A decade and nearly 3,000 shots later, NIF is still generating more fizz than bang, hampered by the complex and little-known behavior of laser targets when they vaporize and implode. But with new target designs and laser pulse shapes, coupled with better tools to monitor miniature explosions, NIF researchers believe they are close to an important intermediate milestone known as “burning plasma”: a fusion burn sustained rather by the heat of the reaction itself. with respect to the input of laser energy.
Self-heating is the key to burning all fuel and achieving uncontrolled energy gain. Once NIF reaches the threshold, simulations suggest it will have an easier path to ignition, says Mark Herrmann, who oversees Livermore’s fusion program. “We are pushing as hard as we can,” he says. “You can feel the acceleration in our understanding.” The exteriors are also impressed. “You feel like there is steady progress and less guesswork,” says Steven Rose, co-director of the Center for Inertial Fusion Studies at Imperial College London. “They are moving away from traditionally held projects and trying new things.”
However, NIF may not allow itself the luxury of time. The proportion of NIF shots devoted to the ignition effort has been reduced from a high of nearly 60% in 2012 to less than 30% today to reserve more shots for inventory management – experiments that simulate nuclear detonations to help verify l reliability of the warheads. Presidential budget calls in recent years have repeatedly tried to cut research into inertial confinement fusion at the NIF and elsewhere, just to get Congress to preserve it. The NIF’s financier, the National Nuclear Security Administration (NNSA), is reviewing the machine’s progress for the first time in 5 years. Under pressure to modernize the nuclear arsenal, the agency may decide on a further shift towards inventory management. “Will the ignition program be deactivated?” asks Mike Dunne, who led Livermore’s fusion energy efforts from 2010 to 2014. “The jury is out.”
Fusion has long been considered a carbon-free energy source, fueled by readily available hydrogen isotopes and producing no long-lived radioactive waste. But it remains a distant dream, even for donut-shaped slow-burning magnetic ovens such as the ITER project in France, which aims to achieve energy gain after 2035.
NIF and other inertial fusion devices would be less like a furnace and more like an internal combustion engine, producing energy through rapid-fire explosions of the tiny fuel pellets. While some fusion lasers aim their beams directly at the pellets, the NIF hits are indirect: the beams heat a pencil eraser-sized gold can called a hohlraum, which emits an X-ray pulse intended to ignite the fusion by heating the fuel capsule at its center to tens of millions of degrees and compressing it to billions of atmospheres.
But the shots in the first 3 years of the firing campaign produced only about 1 kilojoule (kJ) of energy each, less than the 21 kJ pumped into the capsule by the X-ray pulse and well below 1.8 megajoules (MJ) in the original laser pulse.

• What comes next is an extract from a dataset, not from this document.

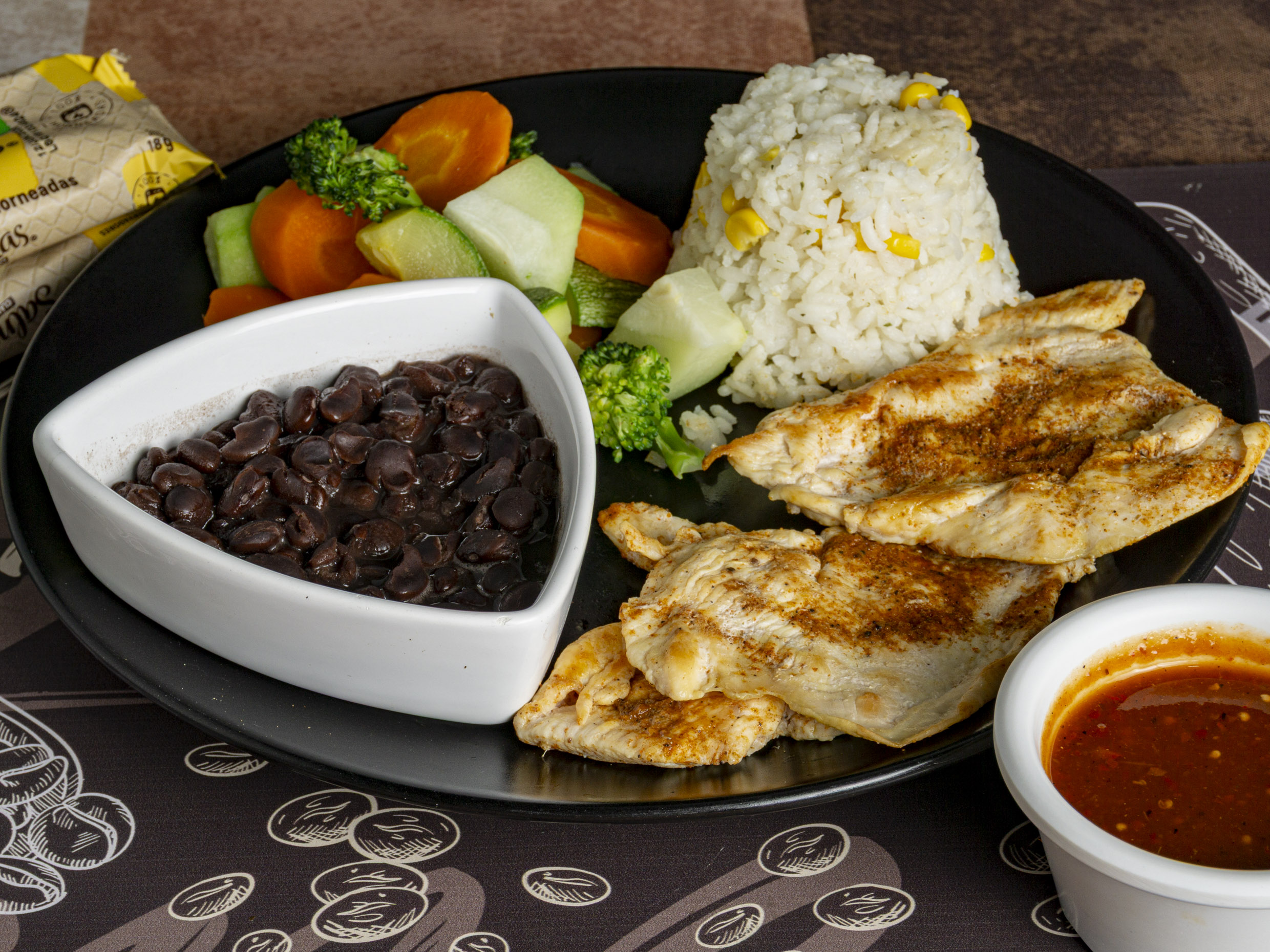 Pechuga de pollo a la plancha con arroz y verduras o ensalada.

Siegfried Glenzer, who led the initial campaign, says the team was “overly ambitious” in achieving ignition. “We relied heavily on simulations,” says Glenzer, now at the SLAC National Accelerator Laboratory.

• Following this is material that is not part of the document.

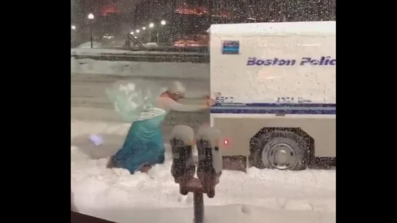 Un hombre vestido como la protagonista de la famosa película animada de Disney fue grabado mientras empujaba una camioneta policial en medio de la nieve en Boston mientras que los espectadores aplaudían y gritaban "Let it go".

After the failed ignition campaign, NIF researchers have upgraded their diagnostic tools. They added more neutron detectors to give them a 3D view of where the fusion reactions were taking place. They also adapted four of their laser beams to produce ultra-short, high-power pulses moments after the implosion in order to vaporize thin strands near the target. The wires act like an X-ray light bulb, capable of probing fuel as it compresses. “It’s like a CT scan,” says planetary scientist Raymond Jeanloz of the University of California, Berkeley, who uses NIF to replicate pressures at the center of giant planets like Jupiter. (About 10% of NIF shots are devoted to basic science.)

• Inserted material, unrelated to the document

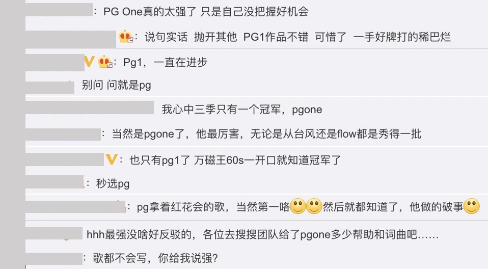 而得票數最高的PGONE獲得了8767張票,和第四名的艾熱相差8倍,在底下的留言區中大部分網友們稱讚PGONE:「我心中三季只有一個冠軍,pgone」、「別問 問就是pg」、「Pg1,一直在進步」、「pgone 還用問嗎」,也有少部分的人認為PGONE很多都是靠著紅花會成員「貝貝」寫的詞。也有許多人感嘆PGONE雖然擁有過人的實力,但是因為在2017年年底時發生「夜宿門事件」,外加上許多負面消息導致他被封殺了近2年,近期回歸歌壇也推出多首單曲並且展開巡迴演出。
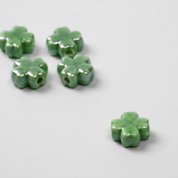 Бусина керамическая «Клевер» четырёхлистный, 1,2×1,2×0,5 см, (набор 5 шт.), цвет зелёный. Эти бусины в виде четырёхлистного клевера станут отличным выбором для создания украшений с удачными и символичными мотивами. Изготовленные из керамики, они имеют прочность и привлекательный внешний вид.

With their sharpest vision, the researchers tracked down the energy losses from the imploding fuel pellet. One came to the spot where a tiny tube injected fuel into the capsule before the shot. To plug the leak, the team made the tube even thinner. Other leaks were traced to the capsule’s plastic shell, so the researchers revamped production to smooth out imperfections of just one millionth of a meter. The improved diagnostics “really help scientists understand what improvements are needed,” says Mingsheng Wei of the University of Rochester’s Laboratory for Laser Energetics.
The team also played with the shape of the 20-nanosecond laser pulses. The first few hits slowly increased in power, to avoid heating the fuel too quickly and making it more difficult to compress. Subsequent pulses increased more aggressively so that the plastic capsule had less time to mix with the fuel during compression, a tactic that increased yields slightly.
In the current campaign, which began in 2017, researchers are raising temperatures by enlarging the hohlraum and capsule by up to 20%, increasing the X-ray energy the capsule can absorb. To increase the pressure, they extend the duration of the pulse and switch from plastic capsules to denser diamond capsules to compress the fuel more efficiently.
NIF has repeatedly achieved yields close to 60 kJ. But Herrmann says a recent snap, discussed at the American Physical Society’s Plasma Physics Division meeting earlier this month, surpassed him. Repeated hits are planned to gauge how far they’ve gotten to a burning plasma, which is expected to occur at around 100 kJ. “It’s pretty exciting,” he says.
Even at maximum compression, the NIF researchers believe that only the center of the fuel is hot enough to melt. But in an encouraging discovery, they see evidence that the hot spot is receiving a warming boost from the franticly moving helium nuclei, or alpha particles, created by fusion reactions. If NIF can pump just a little more energy, it should set off a wave that will rush out of the hot spot, burning fuel as it goes.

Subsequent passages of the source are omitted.